» What is being asked
Shown below are entries with pictures; the line with "Github Link: https://github.com/onuraydinoglu/BusinessApp" through the line with "119안심콜 서비스는 장애인이나" is the span to retype exactly, and the pictures stay out.

» Material to process
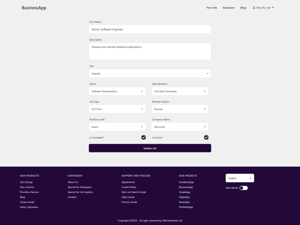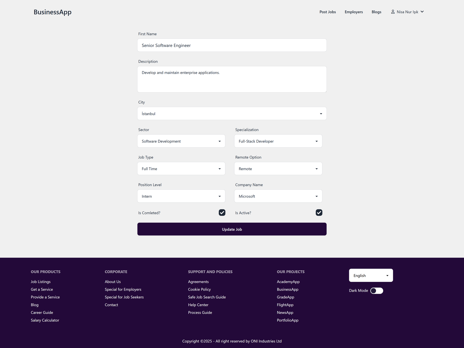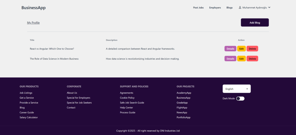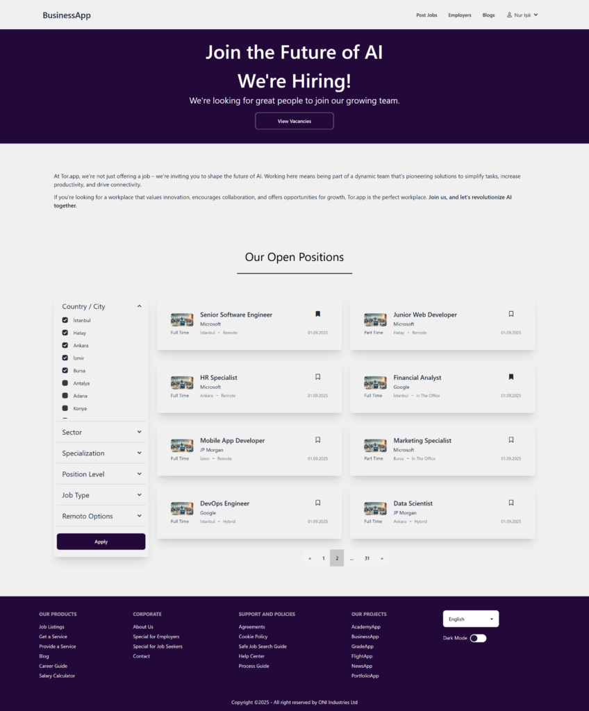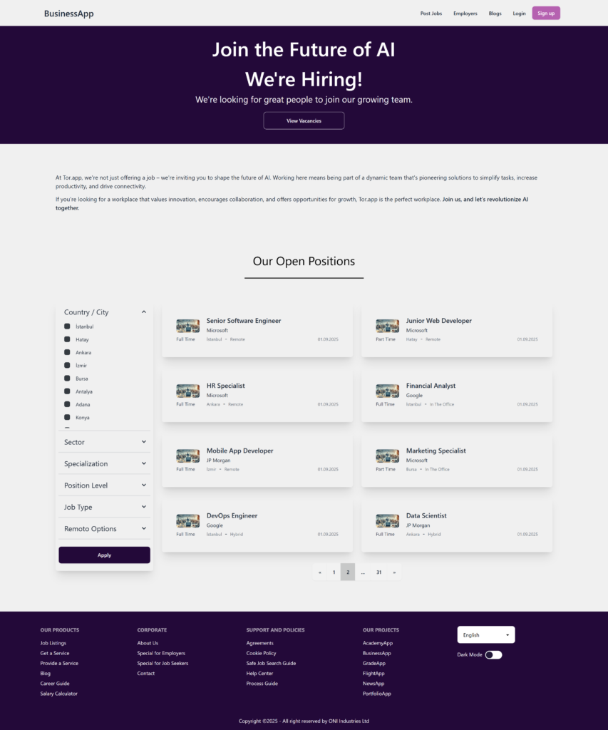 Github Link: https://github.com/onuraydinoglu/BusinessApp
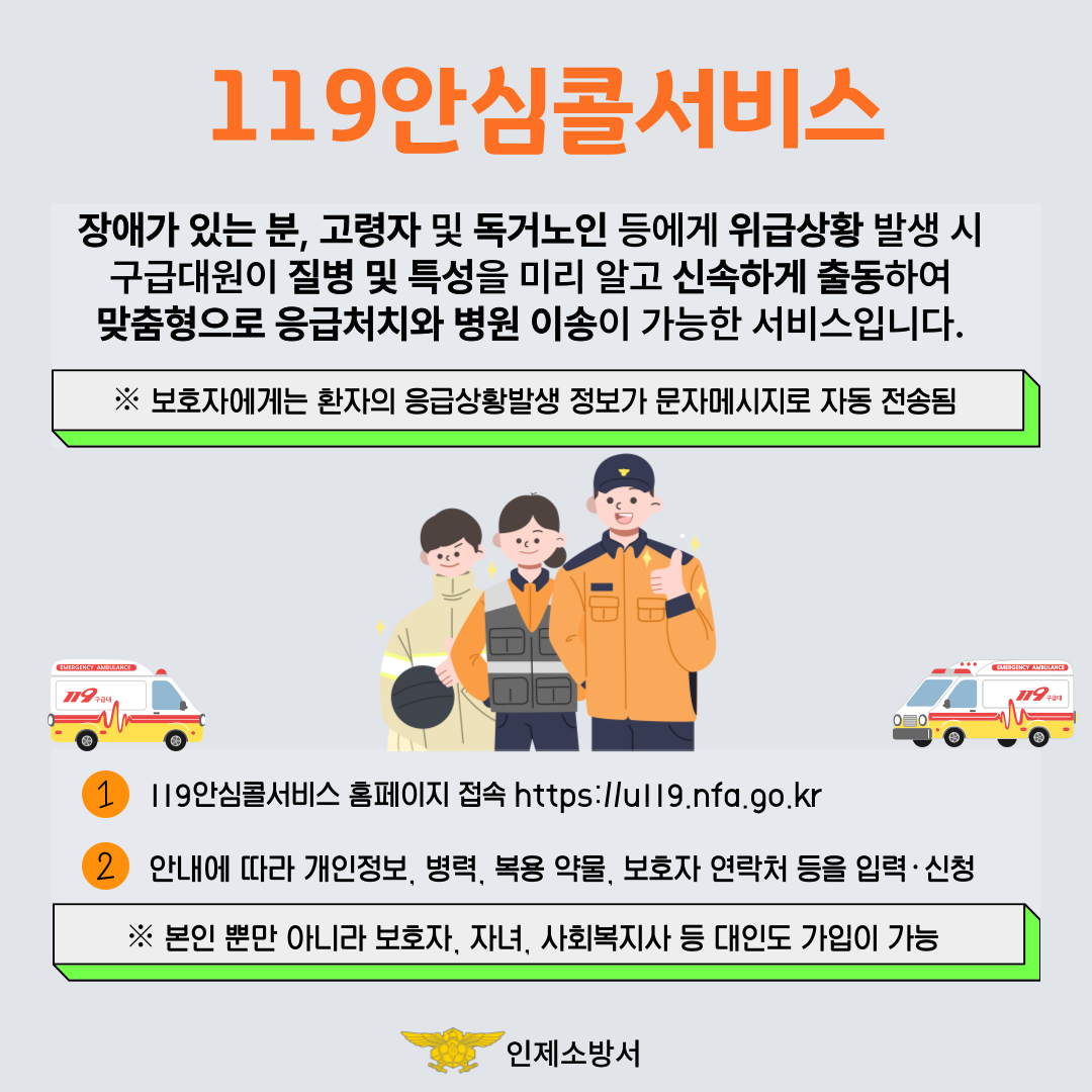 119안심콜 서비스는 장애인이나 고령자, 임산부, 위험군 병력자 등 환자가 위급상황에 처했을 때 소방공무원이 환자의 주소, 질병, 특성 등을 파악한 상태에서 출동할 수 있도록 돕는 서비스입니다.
==
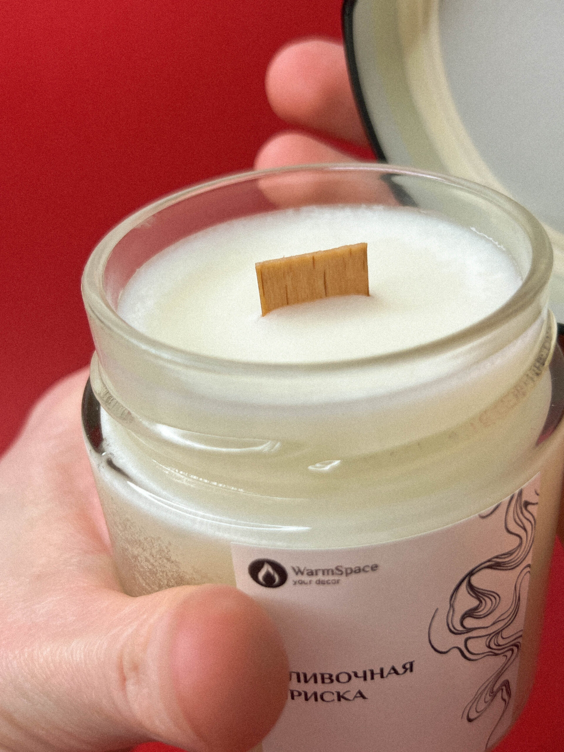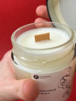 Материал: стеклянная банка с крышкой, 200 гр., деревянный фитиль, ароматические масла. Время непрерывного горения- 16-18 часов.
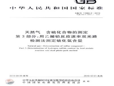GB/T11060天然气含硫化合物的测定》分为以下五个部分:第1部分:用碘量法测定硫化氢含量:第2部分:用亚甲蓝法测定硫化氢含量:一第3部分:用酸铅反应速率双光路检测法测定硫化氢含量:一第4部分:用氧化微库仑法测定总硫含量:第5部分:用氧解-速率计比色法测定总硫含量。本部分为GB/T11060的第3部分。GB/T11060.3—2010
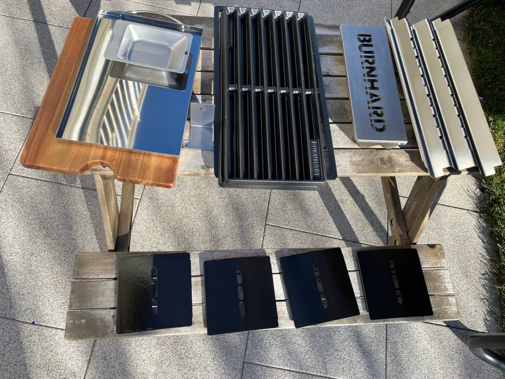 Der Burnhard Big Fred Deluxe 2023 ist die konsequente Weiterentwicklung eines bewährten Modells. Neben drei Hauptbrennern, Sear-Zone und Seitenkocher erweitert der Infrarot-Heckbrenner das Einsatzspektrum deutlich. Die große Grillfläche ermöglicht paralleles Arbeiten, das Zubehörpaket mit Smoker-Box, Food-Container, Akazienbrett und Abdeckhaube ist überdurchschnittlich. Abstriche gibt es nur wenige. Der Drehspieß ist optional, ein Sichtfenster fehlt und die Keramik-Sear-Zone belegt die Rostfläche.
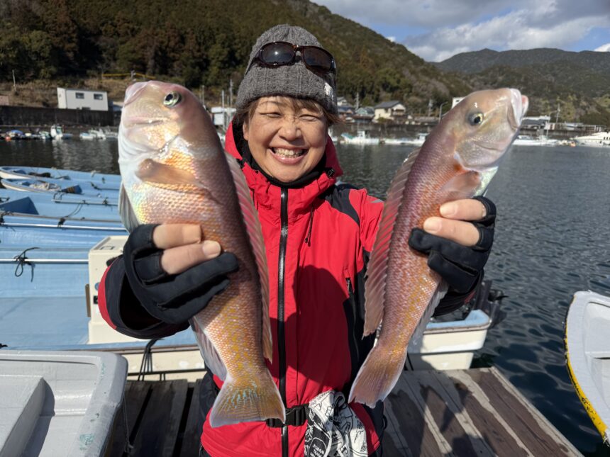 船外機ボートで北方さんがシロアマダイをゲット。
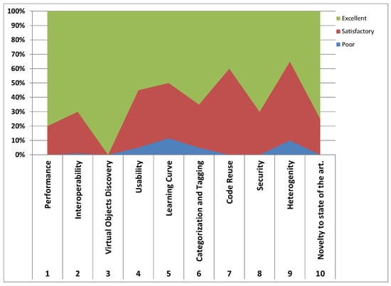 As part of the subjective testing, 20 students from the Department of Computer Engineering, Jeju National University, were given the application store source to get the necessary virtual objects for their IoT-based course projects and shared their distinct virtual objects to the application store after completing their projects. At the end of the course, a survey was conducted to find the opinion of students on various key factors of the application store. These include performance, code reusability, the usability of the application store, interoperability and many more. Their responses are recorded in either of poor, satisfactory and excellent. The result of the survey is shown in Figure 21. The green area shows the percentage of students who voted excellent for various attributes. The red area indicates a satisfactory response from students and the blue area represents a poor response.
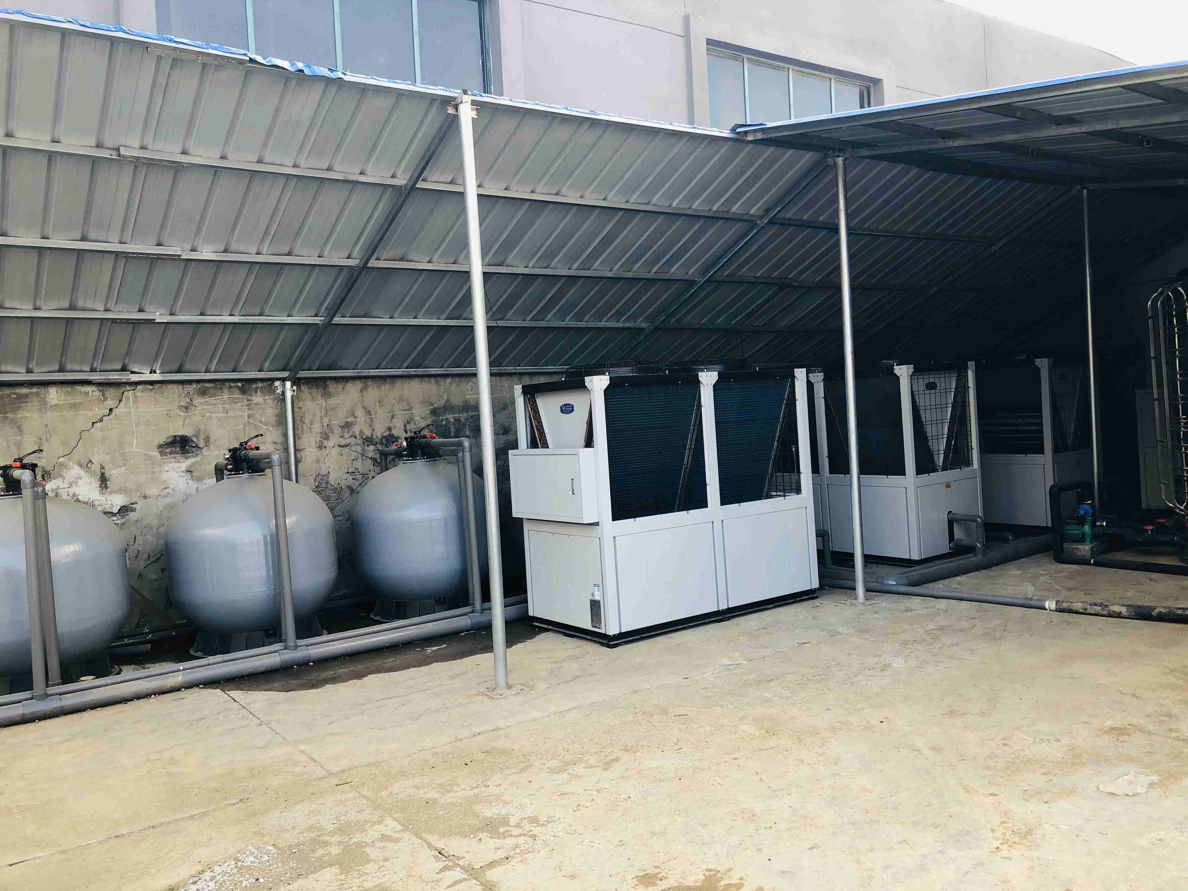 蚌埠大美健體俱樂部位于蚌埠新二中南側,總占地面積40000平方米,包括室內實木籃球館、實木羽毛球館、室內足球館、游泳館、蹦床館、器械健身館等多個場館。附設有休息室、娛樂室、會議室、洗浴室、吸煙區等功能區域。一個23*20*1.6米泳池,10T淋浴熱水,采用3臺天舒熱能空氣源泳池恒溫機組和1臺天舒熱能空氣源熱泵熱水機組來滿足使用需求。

» Exercise result
 Github Link: https://github.com/onuraydinoglu/BusinessApp
 119안심콜 서비스는 장애인이나 고령자, 임산부, 위험군 병력자 등 환자가 위급상황에 처했을 때 소방공무원이 환자의 주소, 질병, 특성 등을 파악한 상태에서 출동할 수 있도록 돕는 서비스입니다.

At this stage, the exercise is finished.